Я сидел на скамейке в лесопарке Сокольники и пробовал что-нибудь написать. Мимо сновали старухи с палками для скандинавской ходьбы, мне это казалось забавным, но было непонятно, как превратить это в юмористический материал. Светило солнце. Из левого глаза текли слёзы. С этим левым глазом у меня всё время что-нибудь происходило, он был краснее правого, чесался всё время и протекал, в общем, проблемный глаз. Как подброшенный в обыкновенную семью цирковой уродец. Я всегда подмечал у людей мелкие недостатки во внешности, и казалось, что за это ответственен именно он, злой и больной двойник правого глаза.
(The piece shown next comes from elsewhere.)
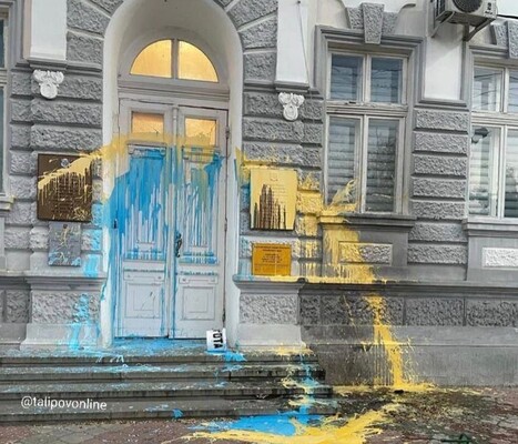 В оккупированном Крыму партизаны облили голубой и желтой краской здание оккупационной администрации города Евпатории, сообщил глава Меджлиса крымскотатарского народа Рефат Чубаров.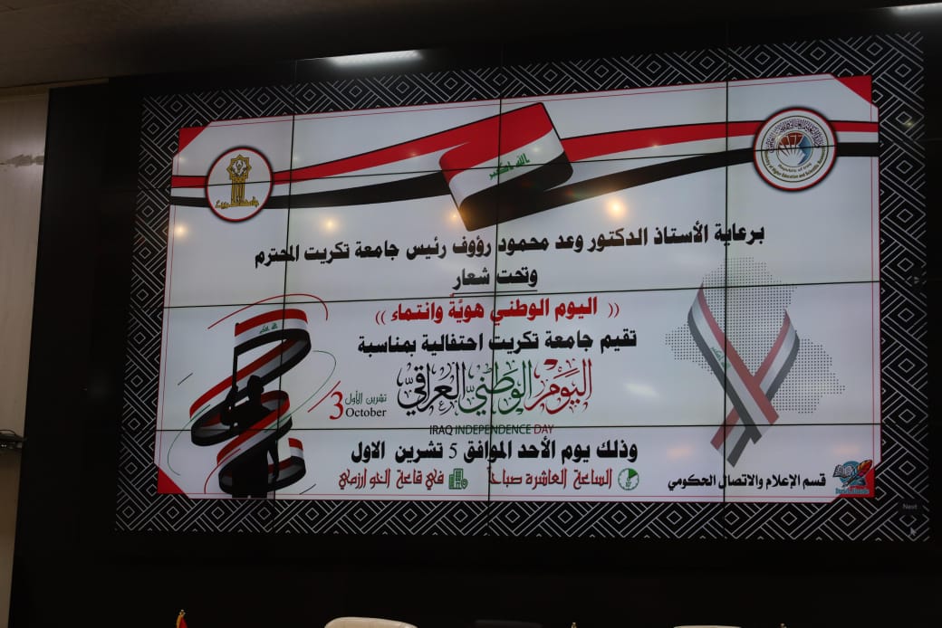 برعاية السيد رئيس جامعة تكريت الأستاذ الدكتور وعد محمود رؤوف المحترم، وتحت شعار “اليوم الوطني هوية وانتماء”، أقامت جامعة تكريت صباح اليوم الأحد احتفالية مركزية بمناسبة اليوم الوطني العراقي على قاعة الخوارزمي في رئاسة الجامعة، بحضور واسع من تدريسيي ومنتسبي وطلبة الجامعة، وعدد من الشخصيات الأكاديمية.

Место, где я сидел, называлось тропой здоровья. Она протянулась кривой петлёй через сквозные просеки, и на входе и выходе с тропы был повешен дорожный знак «Опасность». Это редкий знак, который можно увидеть в местах глобальных катастроф. Скорая и полиция не могут проехать под этот знак без специального разрешения, и было загадкой, что он здесь делал.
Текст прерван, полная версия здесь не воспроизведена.